Tax Rules to prevent shifting of profits through excessive interest payments:
In order to address this issue, tax rules are in place in each country to fix a ceiling limit on the amount of interest deductible in computing a company’s profit for tax purposes. Such rules are designed to counter cross-border shifting of profit through excessive interest payments, with the objective of protecting a country’s tax base.
Relevant Action Plan of BEPS:
Under the initiative of the G-20 countries, the Organization for Economic Co-operation and Development (OECD) in its Base Erosion and Profit Shifting (BEPS) project had taken up the issue of base erosion and profit shifting by way of excess interest deductions by the MNEs in Action Plan 4 and recommended certain measures in its final report.
Insertion of provision in the Income-tax Act, 1961 in line with BEPS Action Plan 4:
Section 94B has, accordingly, been inserted in the Income-tax Act, 1961, in line with the recommendations of OECD BEPS Action Plan 4, to provide that interest expenses claimed by an entity to its associated enterprises shall not be deductible in computation of income under the “Profits and gains of business or profession” to the extent that it arises from excess interest.
Excess interest shall mean an amount of
- total interest paid or payable* in excess of 30% of its earnings before interest, taxes, depreciation and amortization (EBITDA) of the borrower in the previous year or
- interest paid or payable to associated enterprise for that previous year
whichever is less.
*Total interest paid or payable may be interpreted as interest paid or payable to non- resident associated enterprise as per the intent expressed in section 94B(1) and also the Explanatory Memorandum to the Finance Bill, 2017.
Applicability:
The provision shall be applicable to an Indian company, or a permanent establishment of a foreign company in India, being the borrower who incurs expenditure by way of interest or similar nature in respect of any form of debt issued by a non-resident who is an ‘associated enterprise’ of the borrower.

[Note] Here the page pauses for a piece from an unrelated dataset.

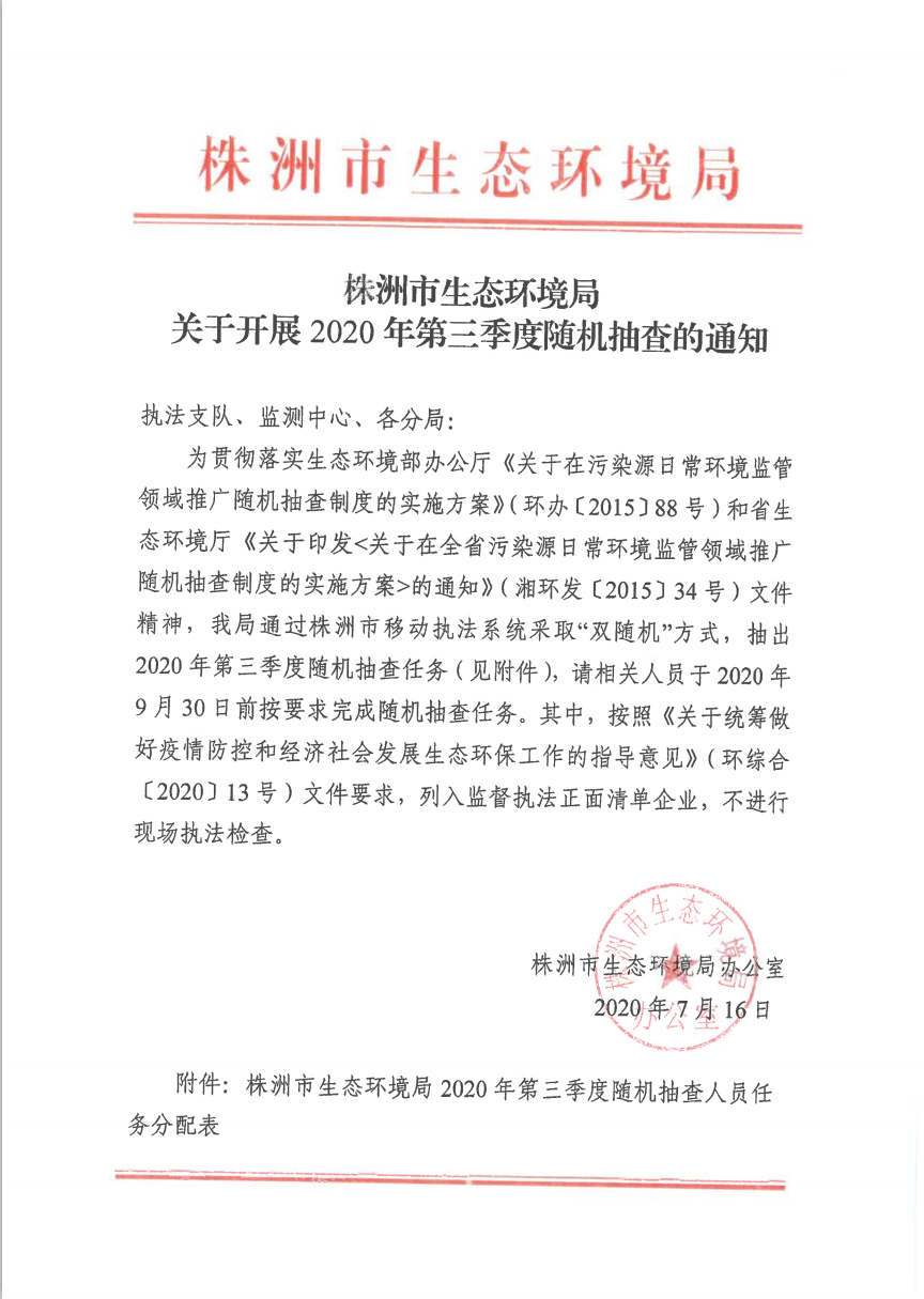 株洲市生态环境局关于开展2020年第三季度随机抽查的通知

However, the provision of this section would be applicable only where the expenditure by way of interest or of similar nature exceeds 1 crore in respect of any form of debt issued by a non-resident, being an ‘associated enterprise’ of such borrower.
Meaning of debt:
Any loan, financial instrument, finance lease, financial derivative, or any arrangement that gives rise to interest, discounts or other finance charges that are deductible in the computation of income chargeable under the head “Profits and gains of business or profession”.
Provision of guarantee and deposit of matching amount deemed to be debt issued:
Where the debt is issued by a lender which is not associated but an associated enterprise either
- provides an implicit or explicit guarantee to such lender or
- deposits a corresponding and matching amount of funds with the lender, such debt shall be deemed to have been issued by an associated enterprise
Carry forward of excess interest:
The disallowed interest expense can be carried forward up to eight assessment years immediately succeeding the assessment year for which the disallowance was first made and claimed as deduction against the income computed under the head “Profits and gains of business or profession” to the extent of maximum allowable interest expenditure.
Businesses excluded from applicability of the provisions of section 94B:
Taking into consideration the special nature of business of Banks and Insurance business, an Indian company or permanent establishment of a foreign company which is engaged in these businesses have been excluded from the applicability of the provisions of this section.